Herut (חֵרוּת) was the major conservative nationalist political party in Israel from 1948 until its formal merger into Likud in 1988. It was an adherent of Revisionist Zionism.
==History==
===Early years===
====Foundation and platform====
Herut was founded by Menachem Begin on 15 June 1948 as a successor to the Revisionist Irgun, a militant group in Mandate Palestine. The new party was a challenge to the Hatzohar party established by Ze'ev Jabotinsky. Herut also established an eponymous newspaper, with many of its founding journalists defecting from Hatzohar's HaMashkif.

Objection to withdrawal of the Israel Defense Forces (IDF) and negotiations with Arab states formed the party's main platform in the first Knesset election. The party vigorously opposed the ceasefire agreements with the Arab states until the annexation of Gaza Strip and the West Bank, both before and after the election. Herut differentiated itself by refusing to recognise the legitimacy of the Kingdom of Jordan after the armistice, and frequently used the slogan "Two banks of the Jordan River" in claiming Israel's right to the whole of Eretz Israel/Palestine because of their historical significance in religious Jewish texts. According to Joseph Heller, Herut was a one-issue party intent on expanding Israel's borders.

Herut's socio-economic platform represented a clear shift to the right, with support for private initiative, but also for legislation preventing the trusts from exploiting workers. Begin was at first careful not to appear anti-socialist, stressing his opposition to monopolies and trusts, and also demanding that "all public utility works and basic industries must be nationalized". Herut was from the outset inclined to sympathise with the underdog, and, according to Hannah Torok Yablonka, "tended to serve as a lodestone for society's misfits".

====1949 elections====

Herut's political expectations were high as the first election approached in 1949. It took credit for driving the British government out and as a young movement, reflecting the esprit of the nation, it perceived its image as being more attractive than the old establishment. They hoped to win 25 seats, which would place them second and make them leader of the opposition, with potential for a future gain of government power. This analysis was shared by other parties. At the elections, Herut only won 14 seats with 11.5 percent of the votes, making it the fourth-largest party in the Knesset; Hatzohar, on the other hand, failed to cross the electoral threshold of 1 percent and disbanded shortly thereafter.

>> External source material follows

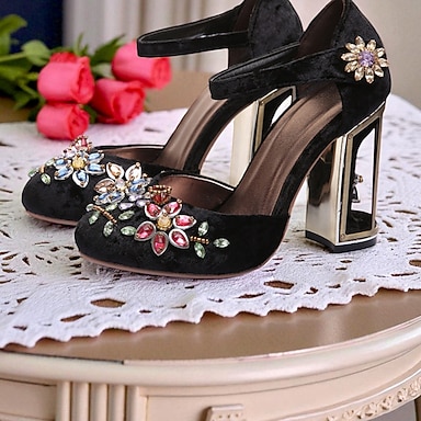 Ženské blokové podpatky zdobené stříbrným barokem pro Mardi Gras - vintage boty s kotníkovým páskem posázené krystaly pro benátský karneval maškarní bály a kostýmové akce

====Opposition to Herut====
Though practical differences between the two parties were less dramatic than the rhetoric suggested, both the Labor Zionist establishment and the opposition Herut emphasised those differences to mobilise their voters.

The hostility between Begin and Israel's first Prime Minister, the Mapai leader David Ben-Gurion, which had begun over the Altalena Affair, was evident in the Knesset. Ben-Gurion coined the phrase "without Herut and Maki" (Maki was the Communist Party of Israel), a reference to his position that he would include any party in his coalition, except those two. In fact, Herut was approached at least three times (1952, 1955, and 1961) by Mapai for government negotiations; Begin turned down each offer, suspecting that they were designed to divide his party. The ostracism also expressed itself in the Prime Minister's refusal to refer to Begin by name from the Knesset Podium, using instead the phrase "the person who sits next to M. K. Badar", and boycotting his Knesset speeches.

Ben-Gurion's policy of ostracising Revisionism was performed systematically, as seen in the legal exclusion of fallen Irgun and Lehi fighters from public commemoration and from benefits to their families. Herut members were excluded from the highest bureaucratic and military positions.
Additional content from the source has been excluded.